Cost-Efficient Computation Offloading in SAGIN: A Deep Reinforcement Learning and Perception-Aided Approach
Yulan Gao, Ziqiang Ye, Han Yu

TL;DR
This paper introduces a deep reinforcement learning and perception-aided method for cost-efficient computation offloading in SAGIN, optimizing task allocation and resource management amidst uncertainties to enhance 6G connectivity.
Contribution
It presents a novel DRL and perception-based framework for dynamic offloading and resource allocation in SAGIN, addressing uncertainties in device mobility and network conditions.
Findings
The proposed approach reduces network cost effectively.
It outperforms baseline methods in simulation scenarios.

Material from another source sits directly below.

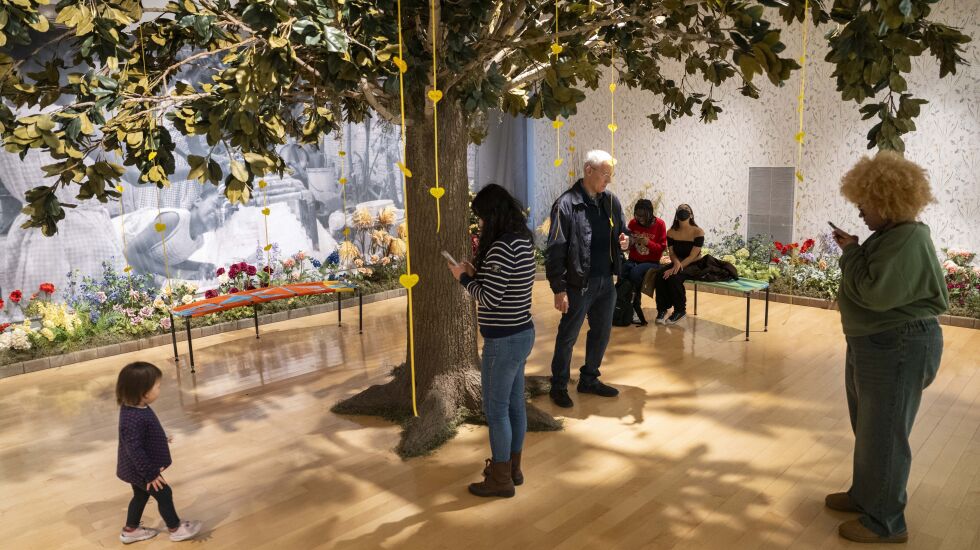Kristen Dowell, of Oak Park, said she enjoys the sculpture on display on the building’s upper levels and was particularly drawn this weekend to the “Freedom Square: Black Girlhood Altar” exhibit.

The method adapts well to varying network parameters.
Abstract
The Space-Air-Ground Integrated Network (SAGIN), crucial to the advancement of sixth-generation (6G) technology, plays a key role in ensuring universal connectivity, particularly by addressing the communication needs of remote areas lacking cellular network infrastructure. This paper delves into the role of unmanned aerial vehicles (UAVs) within SAGIN, where they act as a control layer owing to their adaptable deployment capabilities and their intermediary role. Equipped with millimeter-wave (mmWave) radar and vision sensors, these UAVs are capable of acquiring multi-source data, which helps to diminish uncertainty and enhance the accuracy of decision-making. Concurrently, UAVs collect tasks requiring computing resources from their coverage areas, originating from a variety of mobile devices moving at different speeds. These tasks are then allocated to ground base stations (BSs),…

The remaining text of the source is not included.